Data excerpt
*-*-*

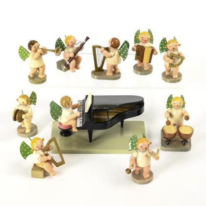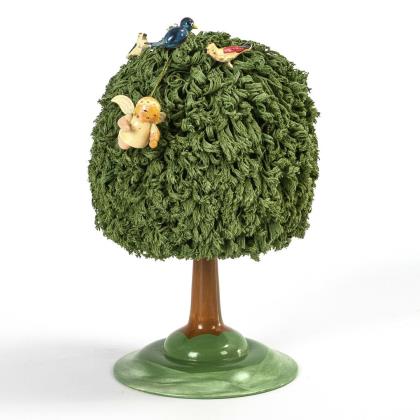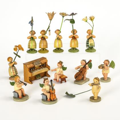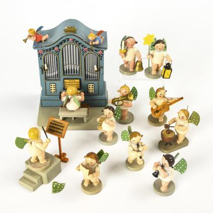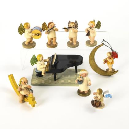 Spieldose in Form eines Apfels mit Kinderkonzert, in der Mitte eine Szene aus vier musizierenden Kindern und einem Gartenzaun mit zwei Vögeln. Werk läuft langsam, spielt: "So ein Tag, so wunderschön wie heute". H 14,5 cm. / Dazu 8 detailreich gestaltete Bergmänner (H 8.5 - 9 cm) nach Art einer Bergparade. Mit Attributen wie Äxte, Fackeln, Feuerschalen mit farbiger Wolle als Feuer und Erzpartikel. Je am Fuß der Figur Aufkleber mit Berufsbezeichnung: Bergmeister (Nr. 9) Schichtmeister mit Bergfahne (Nr. 10, H mit Fahne 13.5cm) Knappschaftsältester (Nr. 11) Häuer (Nr. 12) Bergzimmerer (Nr. 13) Bergmaurer (Nr. 14) Bergschmied (Nr. 15) Fackelträger (Nr. 16)
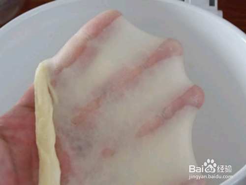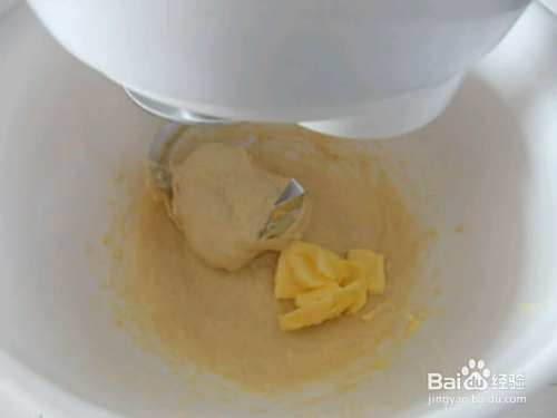 将除黄油外的所有制作面团的材料放在一起,揉至扩展阶段,之后加入黄油。
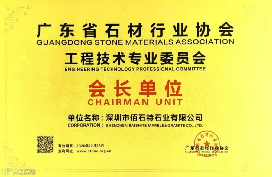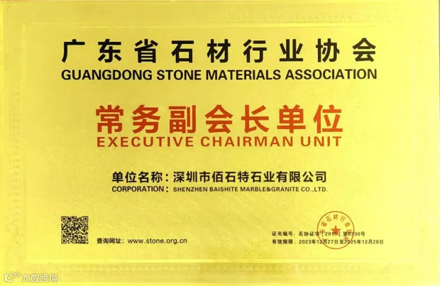 广东省石材行业协会授予深圳市佰石特石业有限公司为常务副会长单位及工程技术专业委员会会长单位等荣誉证书。
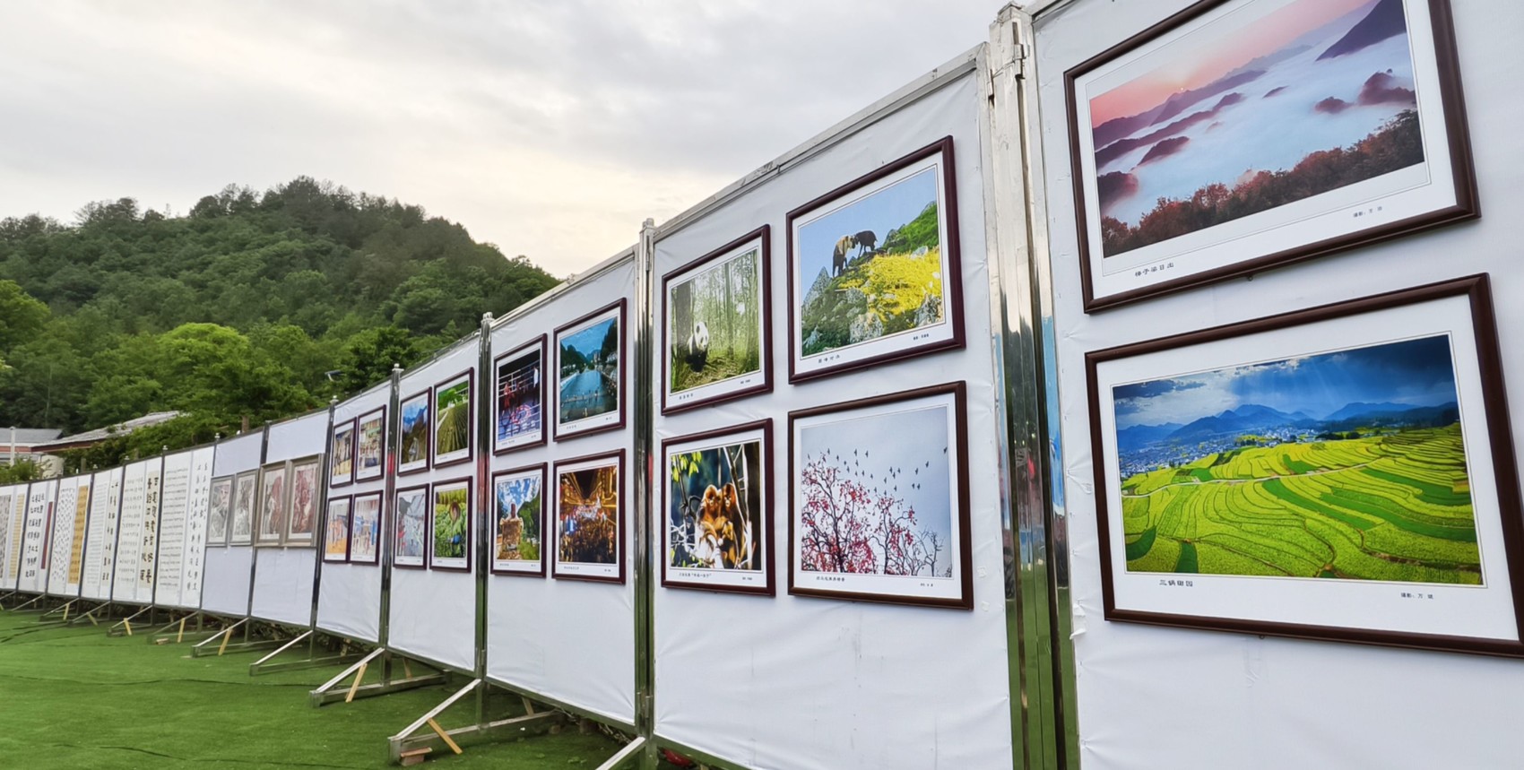 赛场旁的“建和美乡村·展青川风采”书画摄影作品展。

*-*-*

How to complete this task
Copy out all the data without changing anything, and drop the pictures.

Task output
 Spieldose in Form eines Apfels mit Kinderkonzert, in der Mitte eine Szene aus vier musizierenden Kindern und einem Gartenzaun mit zwei Vögeln. Werk läuft langsam, spielt: "So ein Tag, so wunderschön wie heute". H 14,5 cm. / Dazu 8 detailreich gestaltete Bergmänner (H 8.5 - 9 cm) nach Art einer Bergparade. Mit Attributen wie Äxte, Fackeln, Feuerschalen mit farbiger Wolle als Feuer und Erzpartikel. Je am Fuß der Figur Aufkleber mit Berufsbezeichnung: Bergmeister (Nr. 9) Schichtmeister mit Bergfahne (Nr. 10, H mit Fahne 13.5cm) Knappschaftsältester (Nr. 11) Häuer (Nr. 12) Bergzimmerer (Nr. 13) Bergmaurer (Nr. 14) Bergschmied (Nr. 15) Fackelträger (Nr. 16)
 将除黄油外的所有制作面团的材料放在一起,揉至扩展阶段,之后加入黄油。
 广东省石材行业协会授予深圳市佰石特石业有限公司为常务副会长单位及工程技术专业委员会会长单位等荣誉证书。
 赛场旁的“建和美乡村·展青川风采”书画摄影作品展。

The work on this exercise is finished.